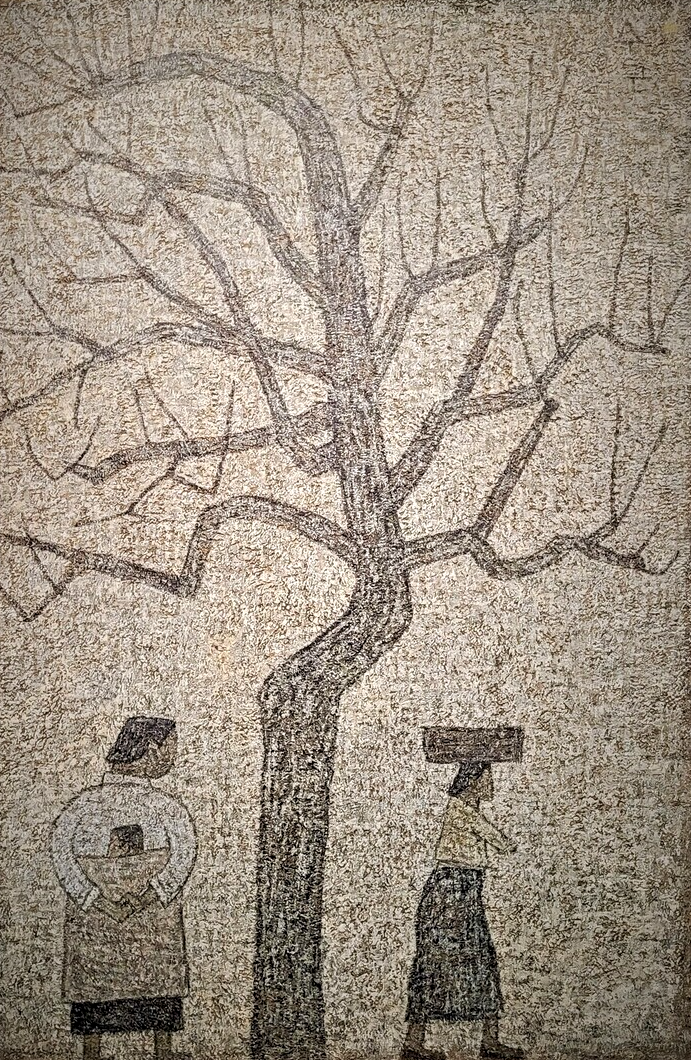 그 힘들고 고단한 삶 속에서도 삶의 힘겨움을 탓하지 않고 그렇게 살아가고 있는 서민들의 무던한 마음을 그렸습니다. 절구질하는 여인, 광주리를 이고 가는 여인, 길가의 행상들, 아기를 업은 소녀, 할아버지와 손자 그리고 김장철 마른 가지의 고목들...
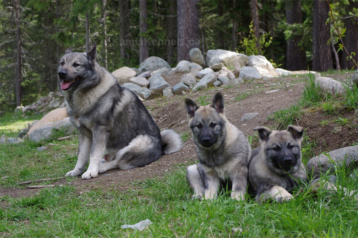 Easy going, but completely fearless, no problem to take anywhere, yet they watch what's going on. They are trouble free, no real issues of any kind with Elkhounds, no feet, eyes, ear problems, all those things are pretty much non existent in Elkhounds. You don't have a line of dogs last 4000 years with problems.
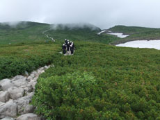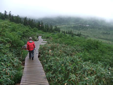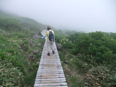 滑らないように、気を付けて木道を行く。 |
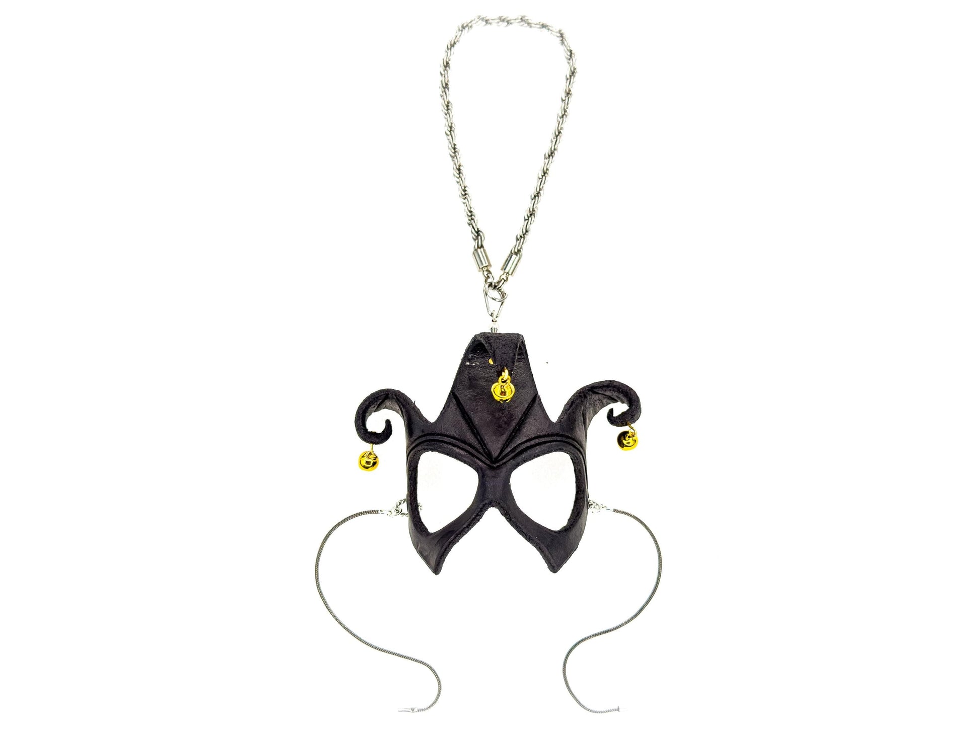 Court Jester - 3 Point Leather Mini Mask – Handcrafted Charm for Rearview Mirrors, Handbags, Lanyards, Party Favors & More
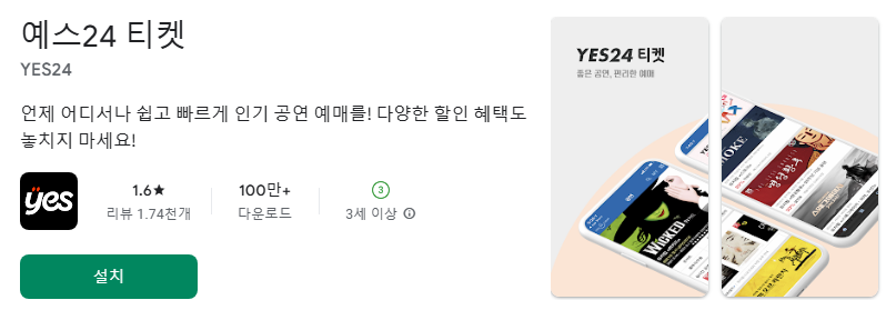 모바일로 빠르게 예스24 성공하려면 티켓 앱 설치후 예매하는 것도 추천드립니다.
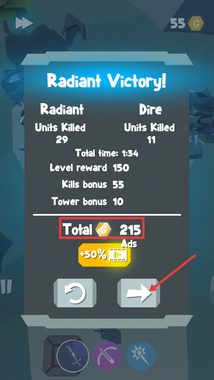 4、胜利后获取【Total-G-215】奖励,点击箭头按钮进入下一关,延续战斗优势推进关卡。
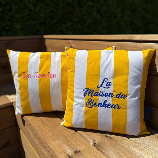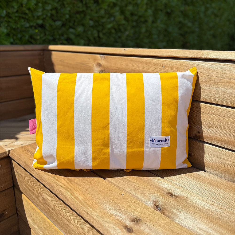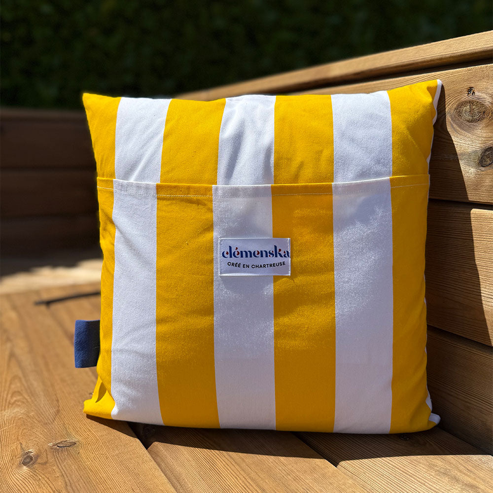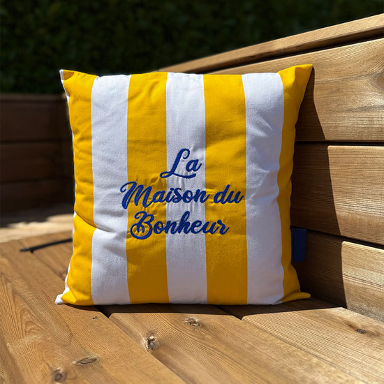 Made in France, vintage, recyclage de tissus, déhoussable, Fabrication française, fait main, coussin intérieur, coussin extérieur, fabriqué en France, fête des mères, home, maison, bonheur, coussin, jaune, rose, bleu, durable
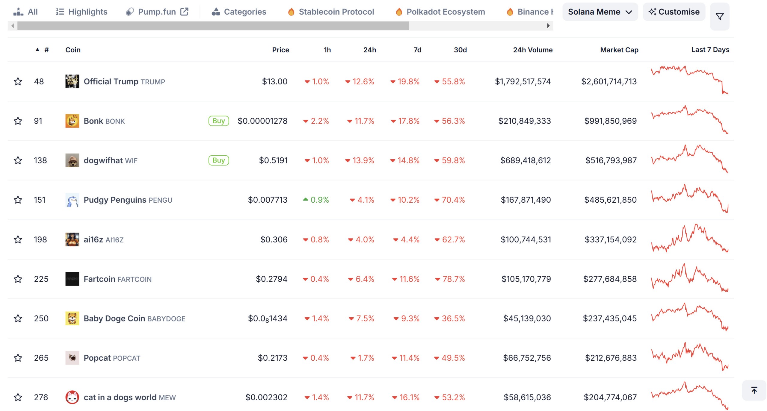 В декабре 2024 года общая капитализация мемкоинов на Solana достигала $25 млрд, но с тех пор снизилась до $8,3 млрд. Только за последние 24 часа рынок потерял ещё 23%.
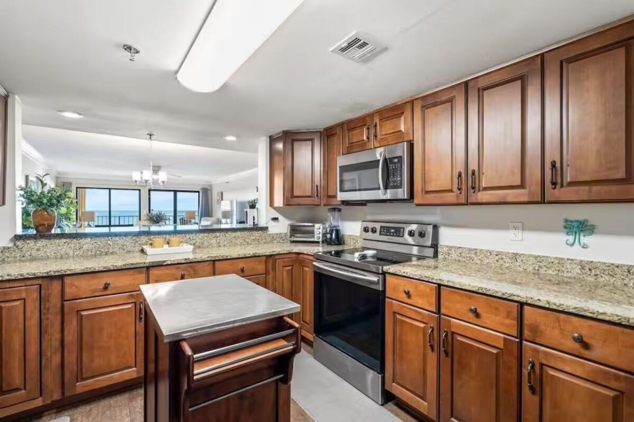 Floor to ceiling sliding glass doors in the Living Room and complementary glass windows in the Primary Bedroom, open up to a thirty foot balcony Comfy coastal decor includes newly updated bathroom.If your family likes having more than one cook in the kitchen, the central island can give the headed chef welcome elbow room. The unobstructed views of the quartz crystal sand lead to the emerald waters beyond where families may enjoy Watersport activities including snorkeling, paddling on Chartered vessels to parasailing and SCUBA diving,, boarding, jet ski or parasailing in addition to World's Luckiest Fishing Village. Time for a nice walk?...read more
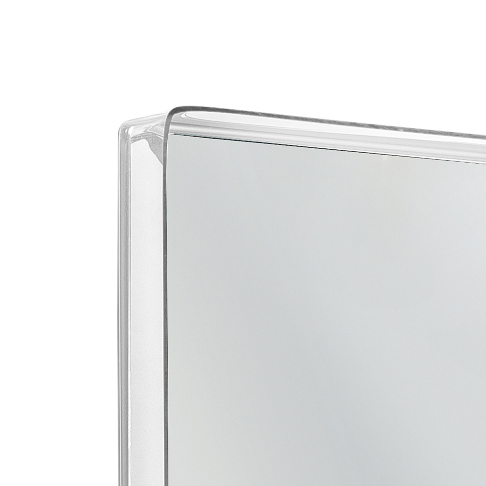 This wall mirror is characterized by the important frame that also acts as a shelfin PMMA plexiglass from 100% virgin polymer designed to allow the support of bathroom objects, plants or candles. The physical-technical characteristics of the plexiglass (shockproof, non-deformable, unalterable, heat-insulating) make the product suitable for both home and outdoor. Conceived, designed and manufactured in Italy , with Italian materials, the brightness and brilliance constant and unaltered over time.
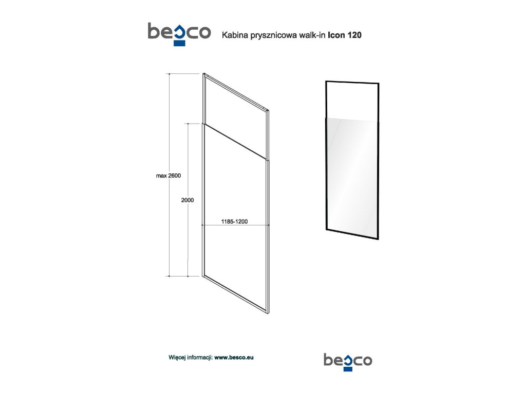 BESCO Walk-in sprchový kout ICON BLACK Barva rámu - Černá, Rozměr A - 120, Rozměr C - 200, Směr zavírání - Univerzální Levé / Pravé, Výplň - Čiré bezpečnostní sklo - 8 mm BCICON12BC
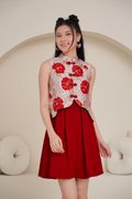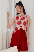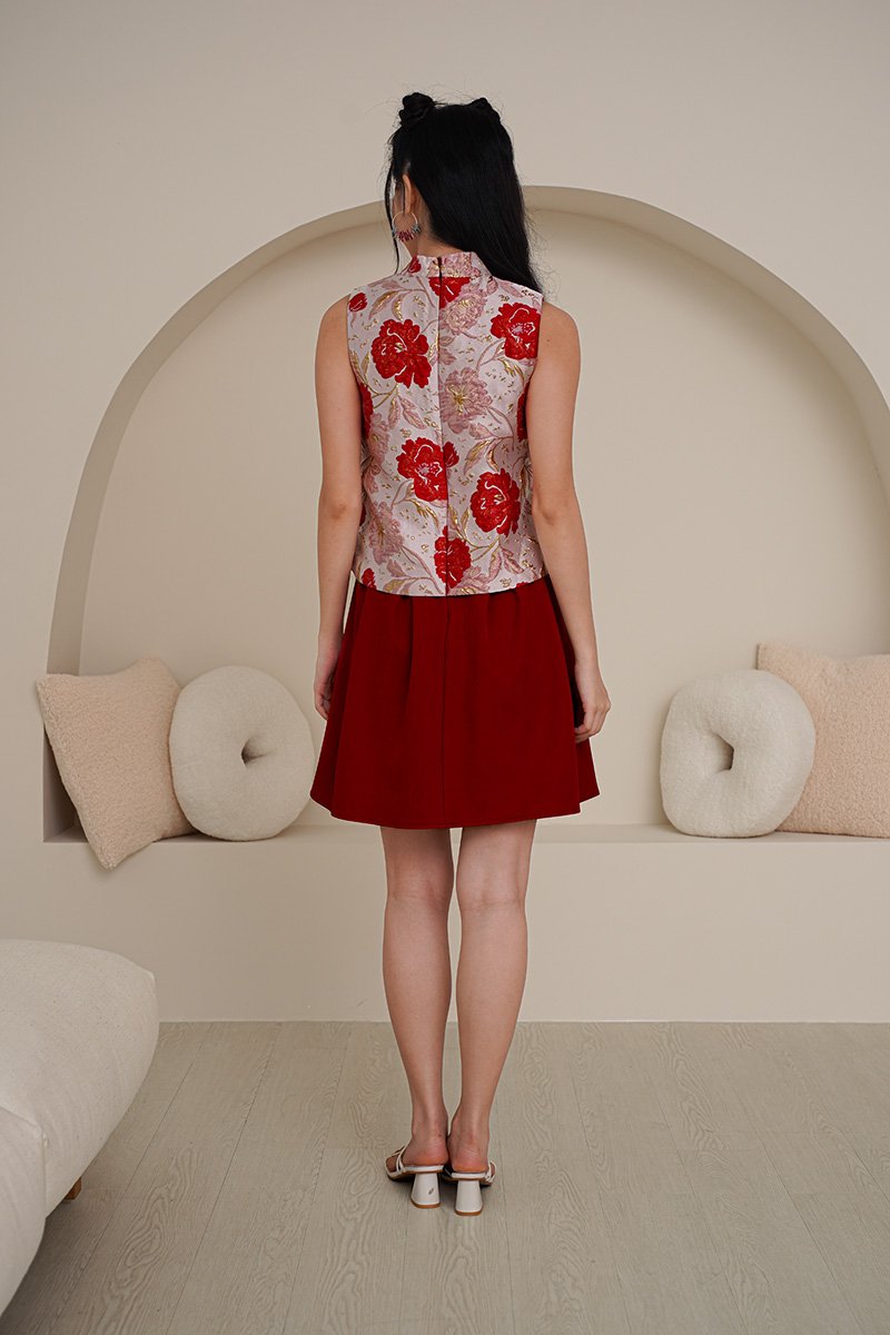 Full Grandeur of Spring Pleated Oriental Dress Red

□ □ □ □ □ □ □

(Directions) Only the lines between the one with "모바일로 빠르게 예스24 성공하려면 티켓 앱 설치후 예매하는 것도 추천드립니다." and the one with "В декабре 2024", those two included, get copied from the material above. Keep it exact and free of pictures.

(Answer)
 모바일로 빠르게 예스24 성공하려면 티켓 앱 설치후 예매하는 것도 추천드립니다.
 4、胜利后获取【Total-G-215】奖励,点击箭头按钮进入下一关,延续战斗优势推进关卡。
 Made in France, vintage, recyclage de tissus, déhoussable, Fabrication française, fait main, coussin intérieur, coussin extérieur, fabriqué en France, fête des mères, home, maison, bonheur, coussin, jaune, rose, bleu, durable
 В декабре 2024 года общая капитализация мемкоинов на Solana достигала $25 млрд, но с тех пор снизилась до $8,3 млрд. Только за последние 24 часа рынок потерял ещё 23%.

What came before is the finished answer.